[Work required]:
The line containing "2024年12月10日,區域" marks the end; return exactly every line from the start of the records up to and including it, but no pictures.

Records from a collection
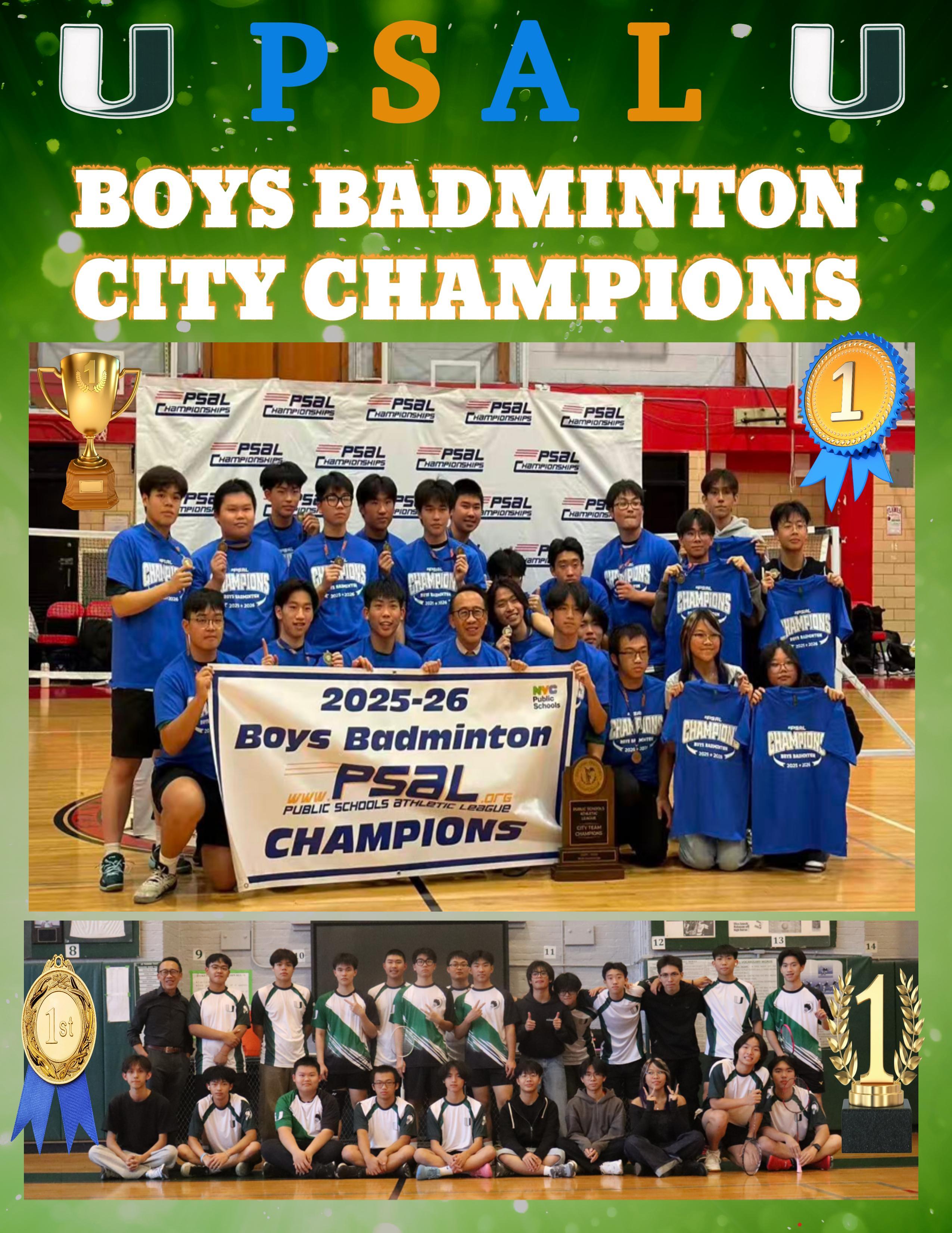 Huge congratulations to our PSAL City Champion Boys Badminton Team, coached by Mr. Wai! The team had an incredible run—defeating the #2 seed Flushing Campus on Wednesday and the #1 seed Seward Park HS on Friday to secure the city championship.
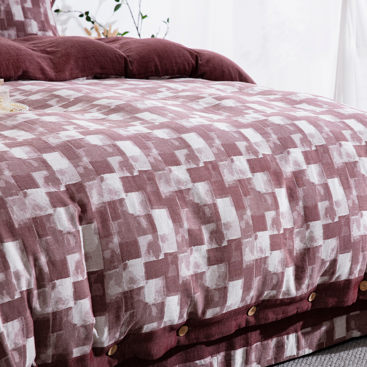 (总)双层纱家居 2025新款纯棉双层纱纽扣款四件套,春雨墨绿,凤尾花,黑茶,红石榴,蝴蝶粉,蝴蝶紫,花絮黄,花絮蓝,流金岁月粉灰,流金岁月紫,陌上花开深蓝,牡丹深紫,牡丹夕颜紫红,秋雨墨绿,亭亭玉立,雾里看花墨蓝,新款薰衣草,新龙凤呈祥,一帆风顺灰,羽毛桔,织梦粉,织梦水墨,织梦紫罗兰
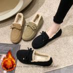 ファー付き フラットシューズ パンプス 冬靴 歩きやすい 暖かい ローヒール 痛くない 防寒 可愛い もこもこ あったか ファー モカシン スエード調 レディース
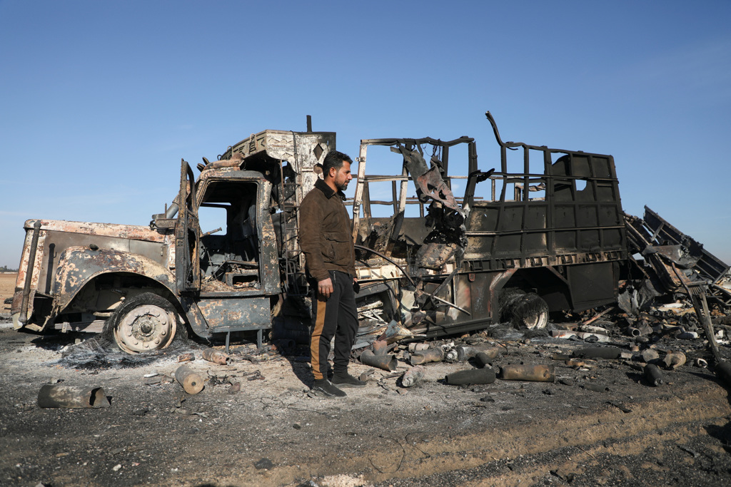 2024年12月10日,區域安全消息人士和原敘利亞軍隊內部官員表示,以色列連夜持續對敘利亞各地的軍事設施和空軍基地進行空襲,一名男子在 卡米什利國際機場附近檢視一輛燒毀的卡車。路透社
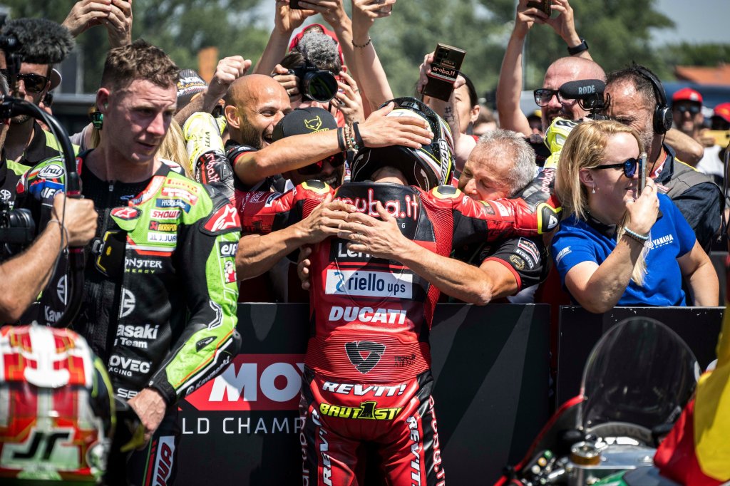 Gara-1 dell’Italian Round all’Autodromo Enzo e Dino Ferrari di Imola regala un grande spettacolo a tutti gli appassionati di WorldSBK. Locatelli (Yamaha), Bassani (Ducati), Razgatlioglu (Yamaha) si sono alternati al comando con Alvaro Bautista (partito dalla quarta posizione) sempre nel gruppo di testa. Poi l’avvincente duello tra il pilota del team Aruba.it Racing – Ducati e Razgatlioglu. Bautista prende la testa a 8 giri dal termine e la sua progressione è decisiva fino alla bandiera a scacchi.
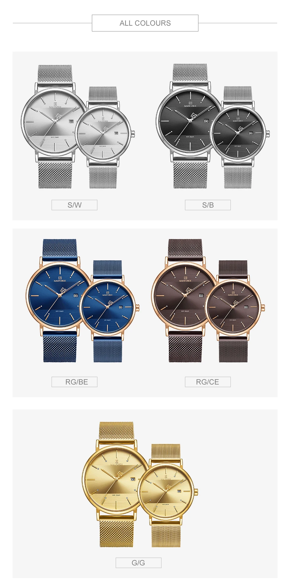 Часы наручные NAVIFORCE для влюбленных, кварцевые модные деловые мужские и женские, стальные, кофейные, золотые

[Solution below]:
 Huge congratulations to our PSAL City Champion Boys Badminton Team, coached by Mr. Wai! The team had an incredible run—defeating the #2 seed Flushing Campus on Wednesday and the #1 seed Seward Park HS on Friday to secure the city championship.
 (总)双层纱家居 2025新款纯棉双层纱纽扣款四件套,春雨墨绿,凤尾花,黑茶,红石榴,蝴蝶粉,蝴蝶紫,花絮黄,花絮蓝,流金岁月粉灰,流金岁月紫,陌上花开深蓝,牡丹深紫,牡丹夕颜紫红,秋雨墨绿,亭亭玉立,雾里看花墨蓝,新款薰衣草,新龙凤呈祥,一帆风顺灰,羽毛桔,织梦粉,织梦水墨,织梦紫罗兰
 ファー付き フラットシューズ パンプス 冬靴 歩きやすい 暖かい ローヒール 痛くない 防寒 可愛い もこもこ あったか ファー モカシン スエード調 レディース
 2024年12月10日,區域安全消息人士和原敘利亞軍隊內部官員表示,以色列連夜持續對敘利亞各地的軍事設施和空軍基地進行空襲,一名男子在 卡米什利國際機場附近檢視一輛燒毀的卡車。路透社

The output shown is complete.